Telur T. solium dapat bertahan hidup di lingkungan (tidak tergantung suhu dan
kelembaban) sampai beberapa minggu bahkan bisa bertahan sampai beberapa bulan.
Proglotid T. saginata biasanya lebih aktif (motile) daripada T. solium, dan bisa bergerak
keluar dari feses menuju ke rumput. Telur T. saginata dapat bertahan hidup dalam air dan
atau pada rumput selama beberapa minggu/bulan.

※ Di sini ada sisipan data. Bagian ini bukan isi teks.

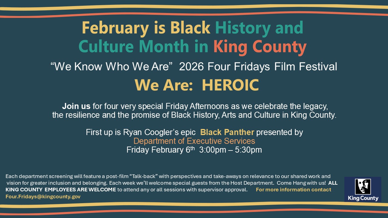 - Feb. 6: Black Panther, We are Heroic, Hosted by the Department of Executive Services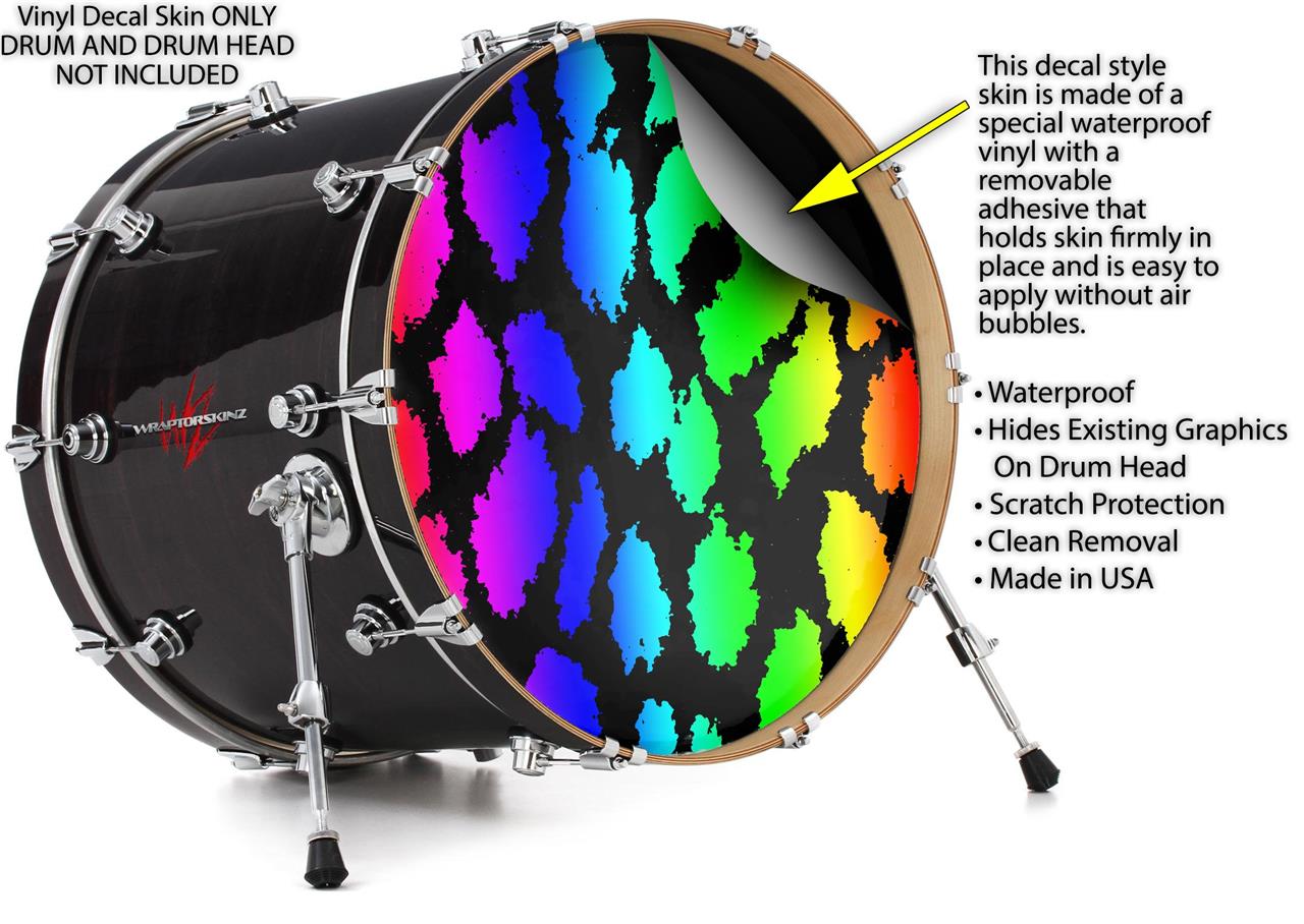 Decal Skin works with most 26" Bass Kick Drum Heads Rainbow Leopard - DRUM HEAD NOT INCLUDED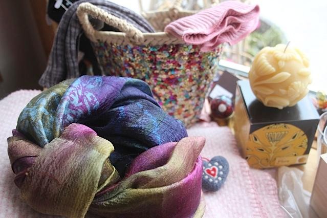 グリーンとホワイトが基調の可愛らしい外見のお店で、中に入るとお洋服からスカーフ、ぬいぐるみ、本、毛糸、地元作家さんの木製おもちゃなど様々な雑貨が所狭しと並んでいます。

Pada babi, sistiserkus juga bisa ditemukan pada daging bagian leher, bahu, lidah,
jantung dan otak. Pada manusia, sistiserkus ini sering ditemukan di jaringan bawah kulit,
otot skeletal, mata dan otak. Pada kasus yang serius disebabkan oleh adanya sistiserkus
pada jaringan otak bisa menyebabkan neurocysticercosis dan bisa menyebabkan kejang-
kejang pada manusia.
Masa tunas infeksi cacing berkisar antara 8-14 minggu. Cacing pita dewasa dapat
tahan hidup sampai 25 tahun dalam usus.
Gambar 1. Siklus hidup cacing Taenia
9. PENCEGAHAN TAENIASIS
Penggunaan jamban yang bersih juga dapat menghindar terjadinya penularan aktif
telur taenia yang bisa menginfeksi manusia apabila tertelan kista yang dijangkiti oleh
feses.2
BAB III
KESIMPULAN
Taeniasis adalah penyakit cacing pita yang disebabkan oleh cacing Taenia dewasa,
sedangkan sistiserkosis adalah penyakit pada jaringan lunak yang disebabkan oleh
larva dari salah satu spesies cacing Taenia.
Induk semang definitif dari T. saginata, T. solium dan T. asiatica hanya manusia,
kecuali T. solium dan T. asiatica manusia juga berperan sebagai induk semang
perantara. Sedangkan, babi adalah induk semang perantara untuk T. solium dan sapi
adalah induk semang perantara untuk T. saginata. Adapun induk semang definitif dari
cacing Taenia selain ketiga spesies tersebut adalah hewan carnivora (anjing/ kucing).
Pemeriksaan feses dilakukan untuk menemukan adanya telur cacing atau proglotid
pada penderita Taeniasis terutama pada manusia. Diagnosis secara serologik dengan
ELISA juga bisa diterapkan untuk hewan maupun manusia.